Янус определяет сознание Будды 5 страница



Горацию еще предстоит пройти все ступени образования, обычного у римской знати: от школы Орбилия в Риме, где он читал Латинскую Одиссею Ливия Андроника, до платоновской Академии в Афинах, своего рода университета, высшей школы для молодой аристократии Рима; одним из одноклассников Горация мог быть сын Цицерона.

Воспитатель Горация Орбилий пользовался известностью чрезвычайно драчливого (plagosus) учителя и часто использовал хлыст (ferula).

Из людей, в детстве окружавших Гая Фурина известны раб-педагог Сфэр и греческий философ Арий, выходец из Александрии. Сфэру после его смерти Гай устроит роскошные публичные похороны; Ария он назначит наместником Египта после разгрома Антония и египетской царицы Клеопатры. Свободнорожденного Гая Фурина учили греческие рабы. Сына раба Горация учили свободные.

На всю жизнь и для Горация, и для Гая, употребление слова margo в письменной речи стало неприемлимым. Детская память о случившемся с людьми Красса уже не отпускала их, не отпускала, как и множество других римлян, до смерти.

Ничего доброго для римлян со словом margo связано быть не могло. Вспоминается русская армейская поговорка: меньше взвода не дадут, дальше Кушки не пошлют, приписываемая генерал–лейтенанту А. П. Востросаблину.
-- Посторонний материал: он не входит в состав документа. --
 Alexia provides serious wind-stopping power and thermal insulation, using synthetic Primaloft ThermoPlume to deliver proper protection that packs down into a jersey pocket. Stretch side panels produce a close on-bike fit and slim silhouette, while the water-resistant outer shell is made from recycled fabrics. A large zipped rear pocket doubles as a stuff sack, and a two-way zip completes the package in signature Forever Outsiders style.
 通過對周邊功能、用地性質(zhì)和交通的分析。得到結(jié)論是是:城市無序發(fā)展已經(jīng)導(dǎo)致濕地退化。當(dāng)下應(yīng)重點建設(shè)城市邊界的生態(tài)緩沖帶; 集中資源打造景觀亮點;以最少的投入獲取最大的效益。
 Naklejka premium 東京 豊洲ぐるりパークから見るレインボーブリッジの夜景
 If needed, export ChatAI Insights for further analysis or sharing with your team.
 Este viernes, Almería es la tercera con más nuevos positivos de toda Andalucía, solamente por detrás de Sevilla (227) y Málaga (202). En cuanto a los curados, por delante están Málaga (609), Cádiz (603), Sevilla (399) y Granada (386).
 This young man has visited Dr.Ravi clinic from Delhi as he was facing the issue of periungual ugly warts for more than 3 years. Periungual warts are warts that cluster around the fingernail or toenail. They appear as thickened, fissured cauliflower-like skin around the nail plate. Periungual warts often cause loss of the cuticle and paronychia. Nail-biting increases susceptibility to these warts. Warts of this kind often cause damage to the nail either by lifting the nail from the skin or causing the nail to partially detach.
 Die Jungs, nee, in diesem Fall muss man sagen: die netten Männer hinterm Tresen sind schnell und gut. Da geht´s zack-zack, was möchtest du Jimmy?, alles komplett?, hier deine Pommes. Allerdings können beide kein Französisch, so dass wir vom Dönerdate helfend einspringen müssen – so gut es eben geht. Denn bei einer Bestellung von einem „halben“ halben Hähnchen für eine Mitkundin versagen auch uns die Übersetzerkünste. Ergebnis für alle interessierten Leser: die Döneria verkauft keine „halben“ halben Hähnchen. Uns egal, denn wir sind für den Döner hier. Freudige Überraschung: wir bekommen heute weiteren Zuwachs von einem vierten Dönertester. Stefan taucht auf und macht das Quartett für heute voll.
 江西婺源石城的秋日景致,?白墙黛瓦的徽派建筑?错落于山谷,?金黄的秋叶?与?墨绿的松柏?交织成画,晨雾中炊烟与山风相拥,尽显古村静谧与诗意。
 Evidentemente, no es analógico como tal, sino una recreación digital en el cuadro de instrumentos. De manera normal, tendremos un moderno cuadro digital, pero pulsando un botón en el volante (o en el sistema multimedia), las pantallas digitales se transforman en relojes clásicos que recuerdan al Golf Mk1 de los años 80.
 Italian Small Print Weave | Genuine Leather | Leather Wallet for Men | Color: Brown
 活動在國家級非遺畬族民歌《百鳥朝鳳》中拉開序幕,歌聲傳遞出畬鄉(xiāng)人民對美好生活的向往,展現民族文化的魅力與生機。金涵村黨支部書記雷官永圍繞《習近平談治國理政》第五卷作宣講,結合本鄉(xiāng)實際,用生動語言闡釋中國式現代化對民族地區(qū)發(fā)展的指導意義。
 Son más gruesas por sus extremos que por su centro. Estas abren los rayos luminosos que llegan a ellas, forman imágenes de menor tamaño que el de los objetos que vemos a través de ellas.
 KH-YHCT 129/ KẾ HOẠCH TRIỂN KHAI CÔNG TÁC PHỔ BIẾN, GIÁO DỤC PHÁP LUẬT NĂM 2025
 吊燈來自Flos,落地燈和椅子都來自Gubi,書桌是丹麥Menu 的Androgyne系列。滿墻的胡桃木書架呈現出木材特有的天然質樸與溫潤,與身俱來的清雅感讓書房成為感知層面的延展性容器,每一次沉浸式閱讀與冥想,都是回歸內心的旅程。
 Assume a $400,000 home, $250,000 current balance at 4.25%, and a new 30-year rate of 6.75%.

Слово входило в латинский язык из низов общества, воспринималось долго стыдным, грубым, ругательным.[132] В современном русском языке оно живет в словах «маргиналии» и «маргинал»[133].

Есть еще похожие случаи. Вот географическое название в современном русском языке используется как ругательство: на вопрос «Где?», следует ответ: «Где-где… В Караганде!» Или вот: имя Камчатка было кличкой подельника известного московского негодяя Ваньки Каина.[134]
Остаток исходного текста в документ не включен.